The first thing you need to know when choosing zucchini, or any other summer squash, is to look for the smallest ones; they will be the sweetest and most tender. In the photo above, there are yellow patty pans, dark green zucchini, and striped zucchini. Note that I have large and small examples of each type.
Summer squash has thin, edible skin. Look for squash without blemishes or bruises. The skin should be firm, brightly colored, and have a bit of a shine to it.
The photo above is of the smaller and larger striped zucchinis cut in half. You’ll notice in the smaller zucchini the seeds are much smaller and closer together.

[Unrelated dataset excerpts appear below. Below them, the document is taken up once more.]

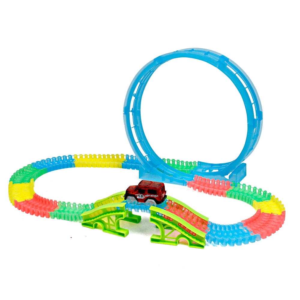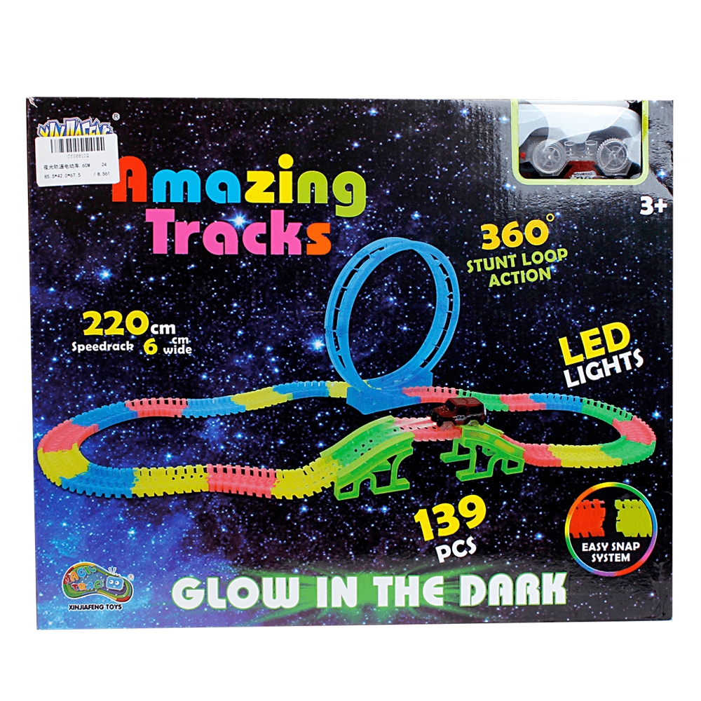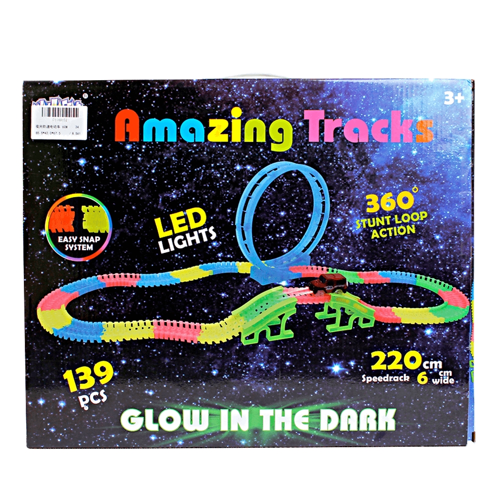 - Bộ đường ray bao gồm: 139 mảnh ghép đường ray, 1 xe, xe có 3 đèn led phát sáng, chiều dài và độ rộng đường ray 220cm - 6cm.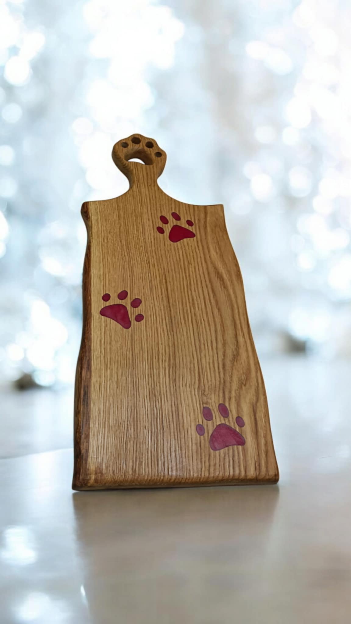 Dubové prkénko s růžovými tlapičkami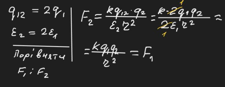 Як зміниться сила взаємодії між двома точковими зарядами, якщо один із зарядів збільшити в 2 рази, а також діелектричну проникність середовища збільшити в 2 рази?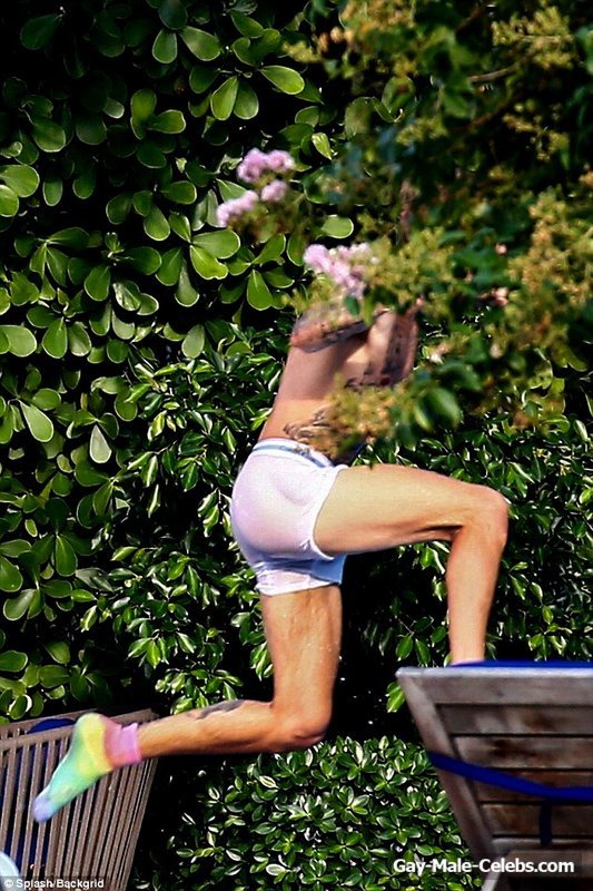 The singer who just launched his own deodorant line is notorious for caring very little about wearing very little while wet poolside on his adventures, and these images are no exception!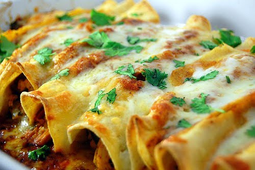 Reduce heat to 400. Remove enchiladas and pour sauce evenly on top. Top with the remaining cheese. Cover dish with foil, and bake an additional 20 minutes, or until heated through.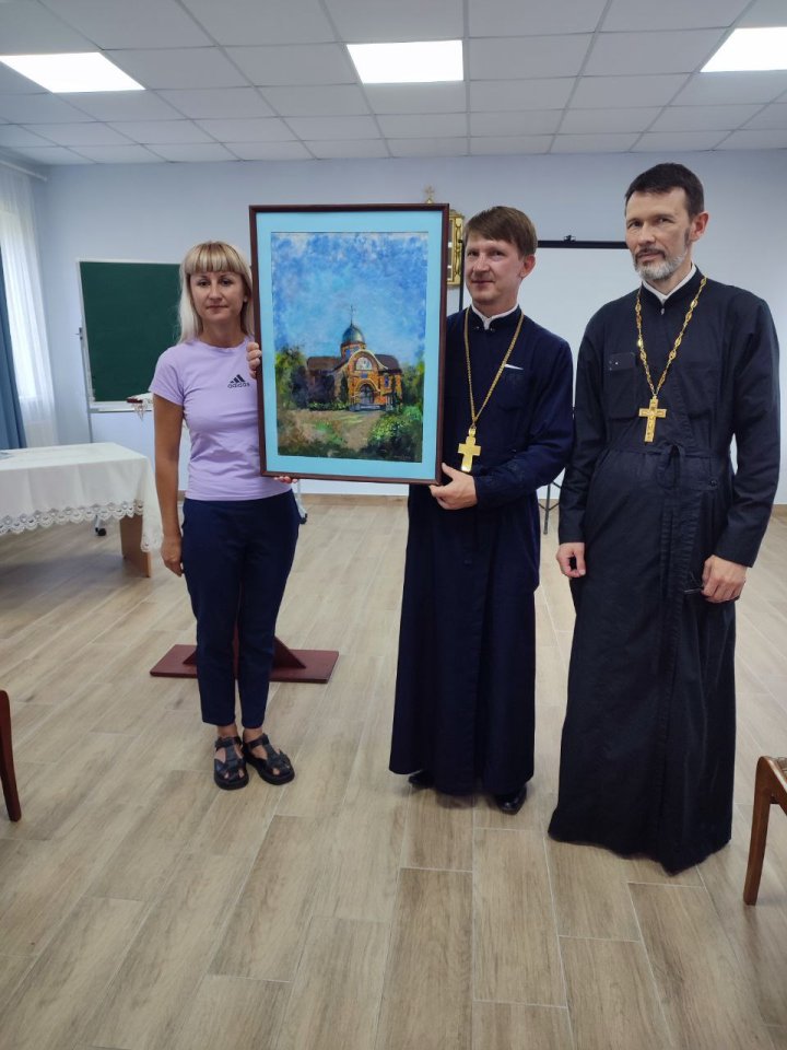 Сестра Елена подарила приходу прпмч.Серафима Жировицкого художественную работу с образом храма выполненную в особой технике.

When summer squash get large, the center of the squash becomes soft and pulpy. Pushing a thumb into the center reveals its spongy texture. Smaller summer squash have a firm texture throughout, which is why you want the smallest available. These can be enjoyed raw or cooked.
However, if you are a gardener and you find that one or more of your squash has grown to a very large size, don’t despair. I recommend that you scoop out the pulpy center of the squash before you cook it. You can always use it for soup. Slice or dice the firmer, outer section of the squash to add to a mixed vegetable soup. Or, create a puréed soup with it.
Summer squash will last four to five days in the refrigerator. Store it unwashed and wrapped tightly in a plastic bag. Summer squash continues to breathe after it’s picked; wrapping it will help to preserve its flavor and nutritional value.